Saturday's weather was fantastic. I had planned a drive to and from Sussex so I didn't ride out because I needed to conserve my energy. Andy rode alone to Godstone and the surrounding area.
Sunday and the weather was still fantastic: bright, blue skies early in the morning, a glowing sun for most of the day and then, by late afternoon, there was a strong downpour. "Good for the garden," my dad might have said. When the rain ceased there was a wonderful smell of rain in the air. I love the summer.
But let's get back to this morning's ride. I met Andy at the green and we initially planned a ride to Westerham, but as we made our way along the 269 Andy changed his mind. "Let's go to the churchyard instead," he said, so we did.
With tea and BelVita biscuits at the ready we stretched out on the park bench to enjoy the good weather. Since we last met, however, there had been a terrorist bomb tragedy in Manchester and naturally it became the main subject of conversation. I mentioned how my local railway station sported two armed coppers on Thursday evening and while it was reassuring for the public to be given the impression that the UK security services were 'doing their bit' to calm the nerves, news that MI5 had the killer on its radar prior to the atrocity, but did nothing, and the fact that those who knew the killer had expressed their doubts about him – they were concerned he might engage in an act of terrorism – then suddenly that word 'flabbergasted' surfaces.
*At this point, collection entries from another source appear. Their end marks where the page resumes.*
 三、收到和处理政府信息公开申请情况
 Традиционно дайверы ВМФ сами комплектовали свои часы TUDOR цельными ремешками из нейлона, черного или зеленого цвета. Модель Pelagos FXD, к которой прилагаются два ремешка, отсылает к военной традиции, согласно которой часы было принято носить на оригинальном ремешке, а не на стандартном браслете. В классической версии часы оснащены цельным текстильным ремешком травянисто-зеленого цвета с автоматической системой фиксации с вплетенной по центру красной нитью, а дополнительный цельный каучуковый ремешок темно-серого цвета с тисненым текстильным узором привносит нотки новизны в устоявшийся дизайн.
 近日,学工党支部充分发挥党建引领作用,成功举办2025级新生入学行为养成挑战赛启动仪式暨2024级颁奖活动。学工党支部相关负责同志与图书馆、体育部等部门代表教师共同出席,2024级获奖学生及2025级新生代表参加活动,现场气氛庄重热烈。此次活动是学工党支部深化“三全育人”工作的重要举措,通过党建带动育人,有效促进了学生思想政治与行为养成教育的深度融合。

With so many dead and many more seriously injured and still in hospitals in the Manchester area as I write this, then to know that the security forces had more than their suspicions about the killer, well, what can I say?
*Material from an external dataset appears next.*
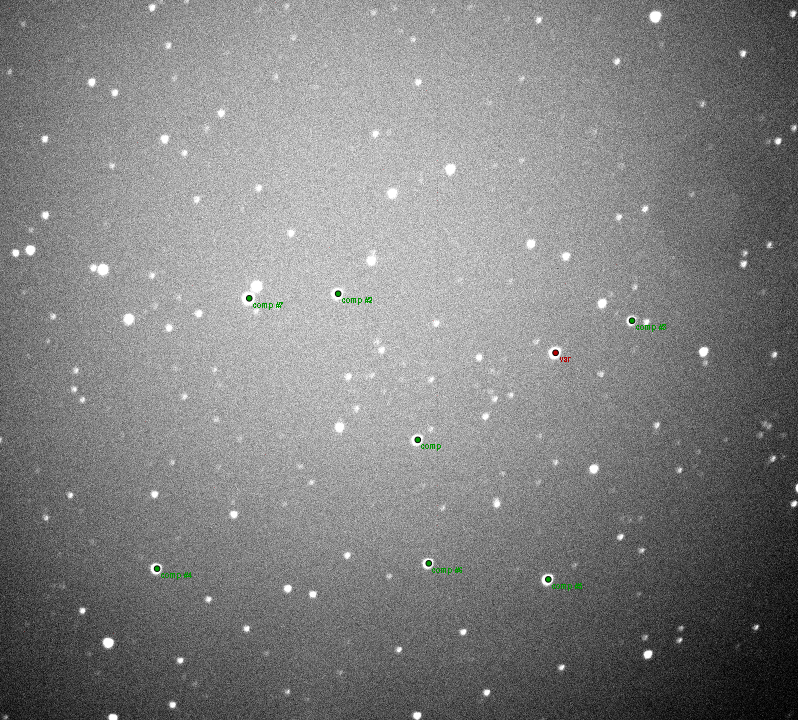 Poznámka:120 sec exposure filter clear binning 1x1 defocussed and multi comparison stars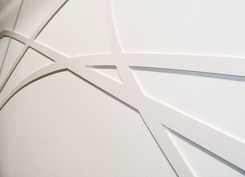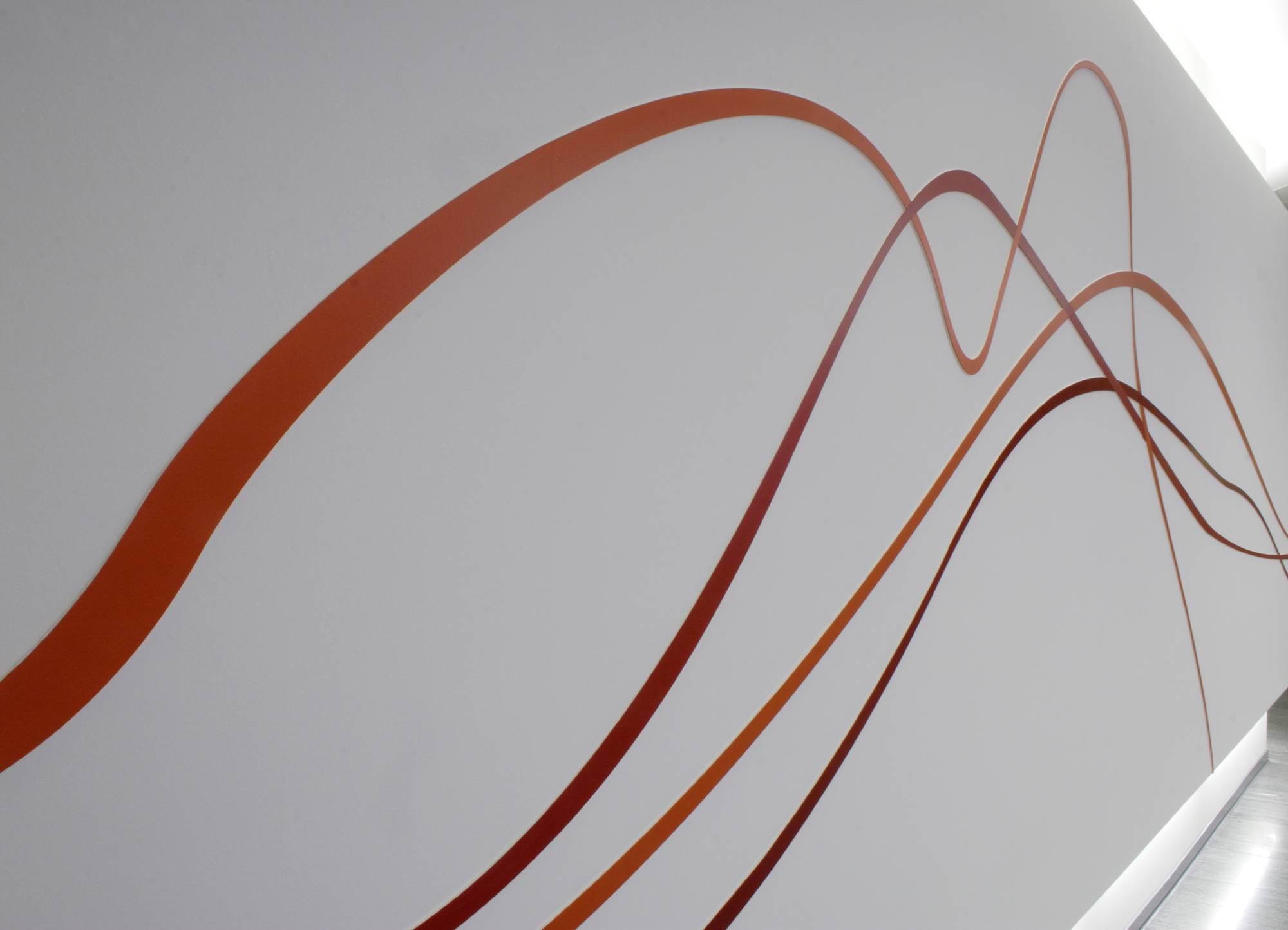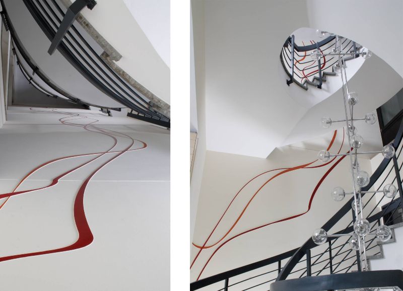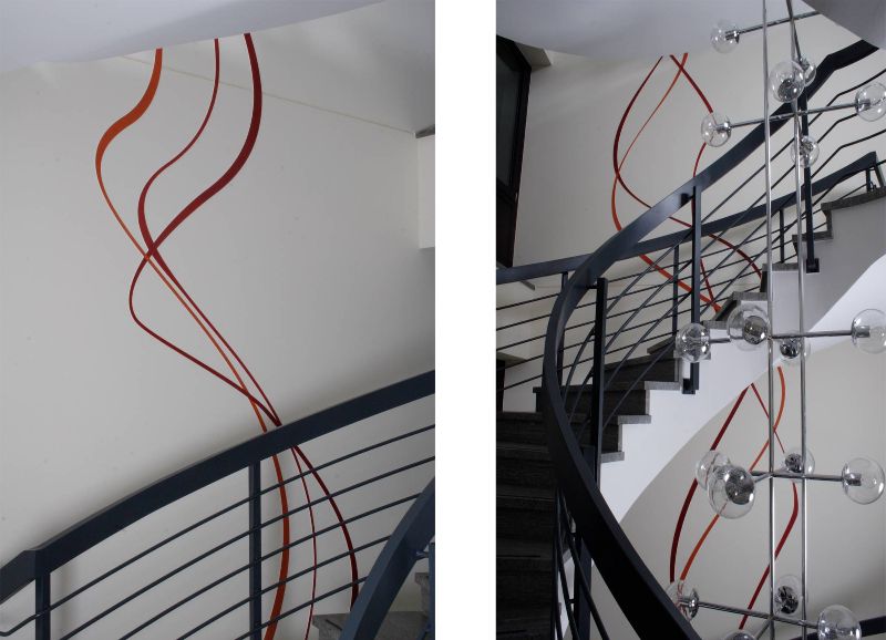 Die Form der Wendeltreppe, die das Hauptgebäude der Volsbank erschließt, aufnehmend wurde die Wand des Tresorraumes in der Haupthalle und die Wände des Treppenhauses mit geschwungenen Farblinien gestaltet. Die künstlerische Gestaltung ist als Halbrelief gearbeitet und in Lack farblich gefasst.

A report by the BBC claims that the security services were warned three times of the killer's extremist views, but failed to take further action because he was 'under review'.
Manchester has fallen victim to terrorist attacks in the past and has pulled through; this time round it appears to be coping well in the aftermath of the tragedy. It's a fantastic city full of great people and amazing musicians and I hope it remains that way – I'm sure it will.
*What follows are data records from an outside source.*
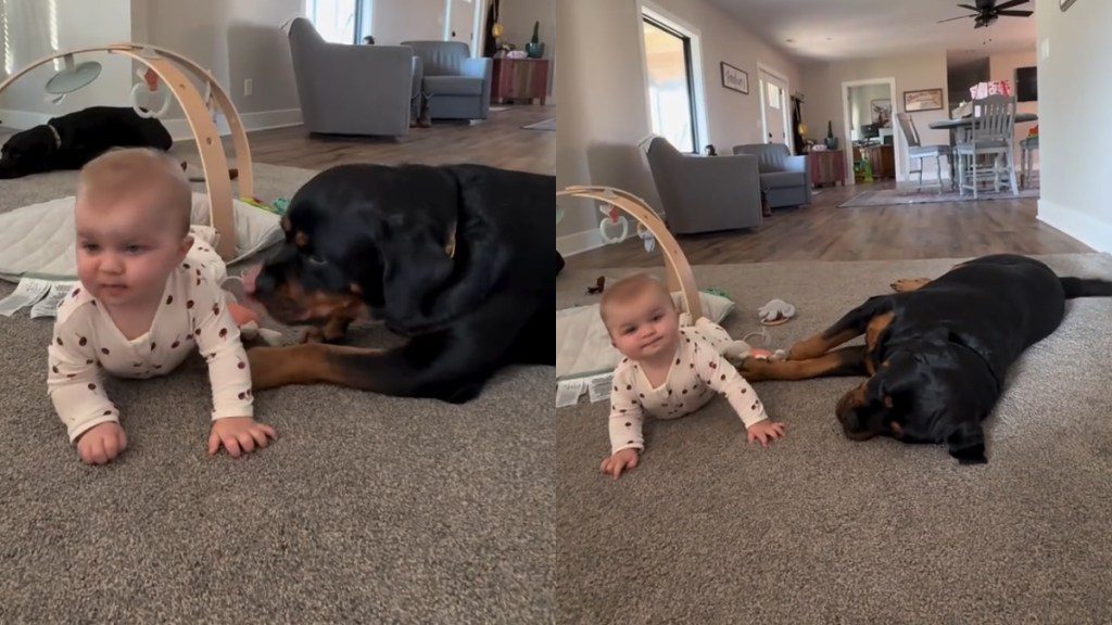 In a cute dog baby video on Instagram, a paw parent captures the moment when their Rottweiler and the little human flop on the floor in perfect sync. “Adding some sweetness to your feed,” an on-screen line reads. Then, the clip shows the duo lying on a carpeted floor and playing.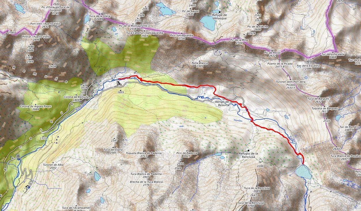 La ruta comienza en el aparcamiento de la entrada del Valle de Estós, y transcurre inicialmente por una cómoda pista (GR-11) que asciende suavemente, paralela al Río Estós, bajo la sombra de algunos pinos y hayas.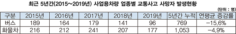 화물차는 연 평균 4.9% 감소에 그쳐, 안전대책 대폭 강화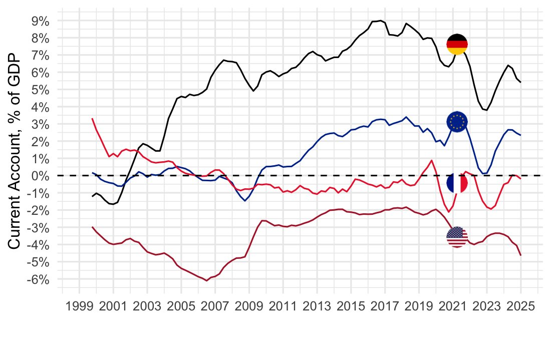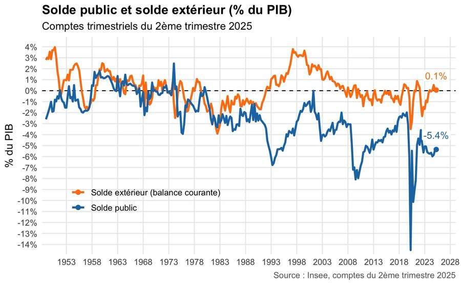Solde public et solde du compte courant (en % du PIB, jusqu'au T2 2025)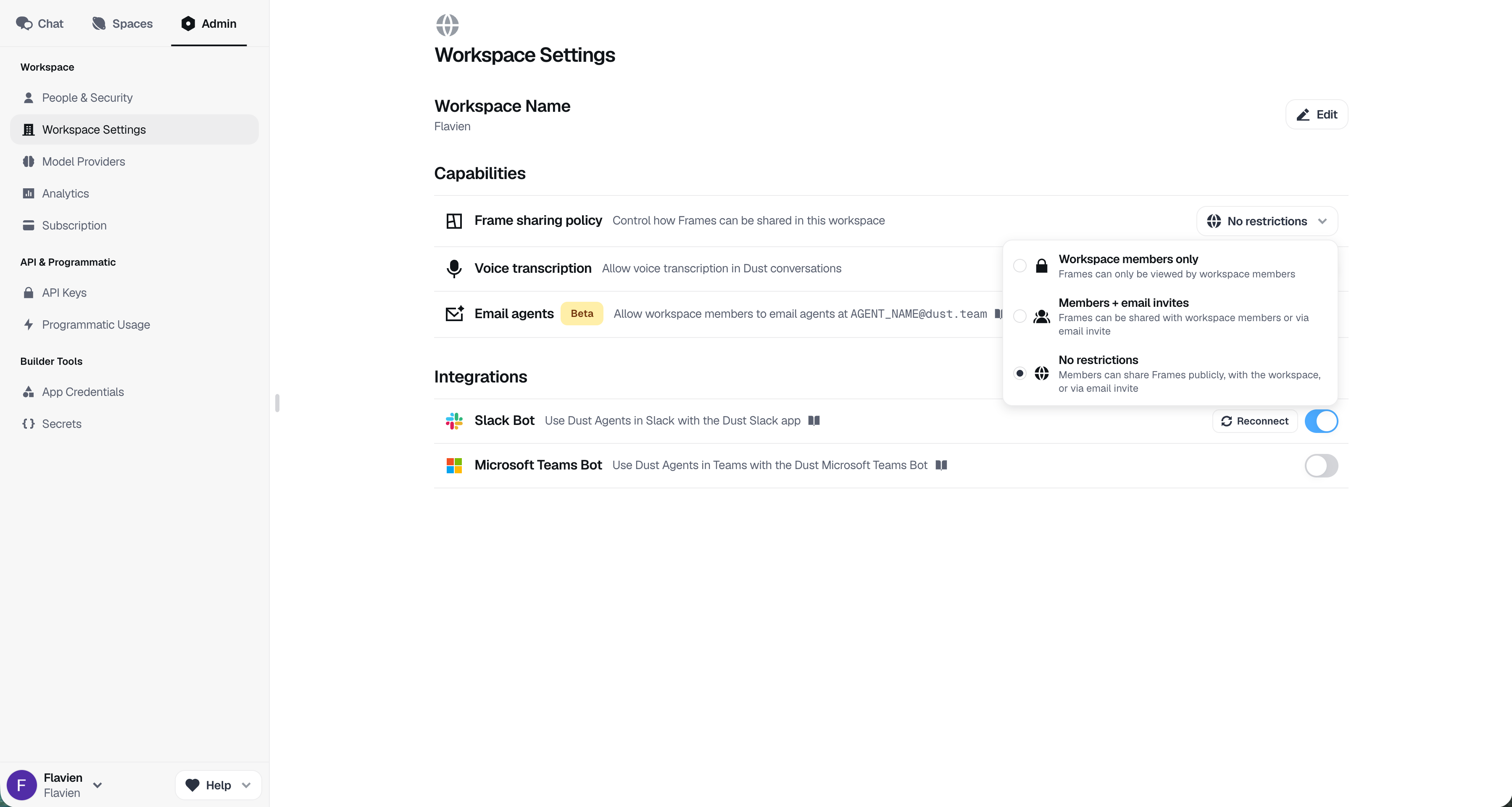 Workspace admins can control how Frames can be shared by members of their workspace. These settings determine the sharing options available when users share Frames.

As I passed those two armed officers on the railway station last Thursday night I couldn't help but wonder how they would deal with a similar terrorist attack if it took place away from the station in the centre of town, in the mall, for example. The truth is that they wouldn't be able to deal with it at all and not through any shortcomings of their own, just that nobody can be in two places at once and when you're dealing with an enemy that cares little for its own lives, let alone those of its victims, then you quickly realise that the whole situation rests entirely on intelligence and not so much an outward 'show of force', although I guess it helps.
It all sadly leads to what some call 'the standard response' of the establishment to terrorist atrocities of this nature: condemnation by leading politicians; a shrine to the fallen, thumbnail portraits of the victims in the newspapers; shots of ordinary-looking houses where suspects are being rounded up; and, of course, news that the suspect (or suspects) were known to the security services.
We discussed the forthcoming general election. During the week Andrew Neil, a leading political broadcast journalist and former newspaper editor, had interviewed the leader of the Conservative Party, Theresa May, and the leader of the opposition, Jeremy Corbyn. Corbyn performed better than May, who dodged virtually every question Neil fired at her in what was later described as a 'car crash' interview. Corbyn had a few wobbly moments when Neil challenged him on his views about the IRA, but he stood his ground a little more than May. This afternoon Neil interviewed Nicola Sturgeon, leader of the Scottish Nationalist party. Up until this afternoon, I can't say I've really warmed to her, but after May's awful performance, it was refreshing to note that Sturgeon wasn't taking any prisoners. Furthermore, she never once avoided a question and put across her case perfectly. I must say that she went up in my estimation.
In the UK it's what is known as a 'bank holiday weekend', which means we get Monday off in addition to our weekend. So far the weather has, as I said, been absolutely brilliant. All week the sun has been out, but nothing lasts forever and it's certainly true where the British weather is concerned. This afternoon we had the aforementioned big downpour, and more has been promised for tomorrow. Uncertainty about the weather prompted Andy and I to hum and hah a little bit about whether we'd be riding tomorrow. All I know for certain (well, relatively certainly) is that thunder storms are on the agenda 'up north' but I think it will be heading our way too around noon. If this proves right then we should get out for a Bank Holiday Monday ride, but right now it's anybody's guess.